My reflection in the window looks tired, soot-smudged, eyes too bright. Wolf and woman both are pulled taut between instinct and experience.
Trust no one from Varrow, Corin would say. Trust no one from Duskvale, my mother would.
Trust yourself, something softer whispers. You’re the one who walked out of both.
The clock on the wall ticks past the hour. Moonrise can’t be far.
I stuff the note into my pocket and slip out the door.
The house is quieter now. Downstairs, I can hear faint voices in the kitchen, the clatter of someone cleaning up late. No heavy alpha stride in the hall. Good.
I move like a shadow, barefoot, familiar with every creak in these floors. Years of sneaking out for midnight runs with Corin have left muscle memory in the boards.
At the back entrance, I pause. My hand hovers over the latch.
I could wake him. Tell him everything. Prove, once more, that I’m on his side even when my past claws at the door.
But there’s a voice in my head that sounds exactly like Vesha: If I were the enemy, I’d choose the wolf with one paw in each world.
If I show him this and it goes wrong, I hand them another arrow with my name on it.
If I don’t, and it goes wrong…
I open the door.
Cold night air washes over me, thick with pine and damp earth. Above the trees, the moon is just clearing the ridge, pale and watchful.
The old car lot is outside the official border, in the no-man’s strip where teenagers from three packs used to dare each other to drink, race, and make out in rusted skeletons of human machines. It’s neutral by old, unspoken rules.

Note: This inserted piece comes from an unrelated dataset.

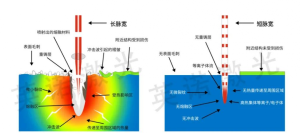 針對(duì)鎂合金耐蝕性差的問(wèn)題,我們采用自主研發(fā)的皮秒激光器對(duì)鎂合金進(jìn)行加工,對(duì)表面處理實(shí)施性價(jià)比更高的激光加工方案以適用于工業(yè)化生產(chǎn)應(yīng)用。激光加工技術(shù)具有可便利地加工出表面微織構(gòu)、可調(diào)控表面潤(rùn)濕性和對(duì)環(huán)境要求低等優(yōu)勢(shì),而超短脈沖激光在加工過(guò)程中更是具有較小的熱影響,如圖1.3所示,對(duì)表面形貌的構(gòu)建有更好的展現(xiàn)性。該項(xiàng)目采用的方法相較于其他表面處理提高耐蝕性,具有高精度、高效率、低成本的優(yōu)勢(shì),以致力于激光在行業(yè)中的應(yīng)用。

Neutral doesn’t mean safe.
I shift halfway—eyes, claws, sense of smell sharpening as I slip through the trees. Every crackle of leaves, every shift of wind paints a picture in my mind: fox to the left, owl overhead, distant patrols along the main ridge. No one close enough to see me unless they’re looking.
Good. Or bad. Or both.
The wrecked car is still there when I emerge into the clearing. Its frame is nothing but twisted metal and memories, hood peeled back like a split lip. We torched it when we were sixteen, laughing as the flames licked the night, feeling invincible and very, very stupid.
Someone sits on the hood now, legs swinging, cigarette ember a tiny, glowing eye in the dark.
“Took you long enough,” Maelin says, voice sliding through the shadows like it never left. “Thought your precious alpha had you on a shorter leash these days.”
Her scent hits me full-force then—smoke, cheap perfume, the familiar Varrow bite. Underneath it all, something new and dangerous.
She smells like trouble.
And like the only person who might be able to tell me why my new home is bleeding from wounds I can’t see.